— PROVIDED MATERIAL —
=== Begin Enclosure ===
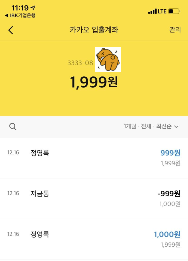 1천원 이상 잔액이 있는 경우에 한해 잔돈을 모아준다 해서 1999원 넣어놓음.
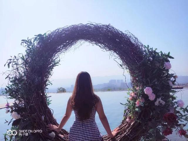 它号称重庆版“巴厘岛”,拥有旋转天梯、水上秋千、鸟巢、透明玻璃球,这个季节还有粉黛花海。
=== End Enclosure ===
=== Begin Enclosure ===
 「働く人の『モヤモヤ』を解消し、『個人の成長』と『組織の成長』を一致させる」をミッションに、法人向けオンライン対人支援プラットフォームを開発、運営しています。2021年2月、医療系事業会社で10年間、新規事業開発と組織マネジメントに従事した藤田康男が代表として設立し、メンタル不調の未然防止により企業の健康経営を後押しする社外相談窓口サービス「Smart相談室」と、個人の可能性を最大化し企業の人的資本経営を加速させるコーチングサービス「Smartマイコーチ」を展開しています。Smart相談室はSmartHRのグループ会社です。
=== End Enclosure ===
=== Begin Enclosure ===
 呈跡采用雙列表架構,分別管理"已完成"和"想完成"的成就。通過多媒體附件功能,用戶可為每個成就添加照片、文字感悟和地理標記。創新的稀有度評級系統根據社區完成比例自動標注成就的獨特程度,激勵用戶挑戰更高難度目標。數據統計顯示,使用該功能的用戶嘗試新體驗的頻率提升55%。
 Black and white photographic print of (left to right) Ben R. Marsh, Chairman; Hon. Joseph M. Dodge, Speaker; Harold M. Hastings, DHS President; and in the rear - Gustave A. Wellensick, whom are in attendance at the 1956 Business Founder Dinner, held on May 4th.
=== End Enclosure ===
— EXERCISE GOAL —
Go to the line in the material above that contains "呈跡采用雙列表架構,分別管理" and copy exactly from there through the line that contains "Black and white", stopping after it.

— SOLUTION TO THIS EXERCISE —
 呈跡采用雙列表架構,分別管理"已完成"和"想完成"的成就。通過多媒體附件功能,用戶可為每個成就添加照片、文字感悟和地理標記。創新的稀有度評級系統根據社區完成比例自動標注成就的獨特程度,激勵用戶挑戰更高難度目標。數據統計顯示,使用該功能的用戶嘗試新體驗的頻率提升55%。
 Black and white photographic print of (left to right) Ben R. Marsh, Chairman; Hon. Joseph M. Dodge, Speaker; Harold M. Hastings, DHS President; and in the rear - Gustave A. Wellensick, whom are in attendance at the 1956 Business Founder Dinner, held on May 4th.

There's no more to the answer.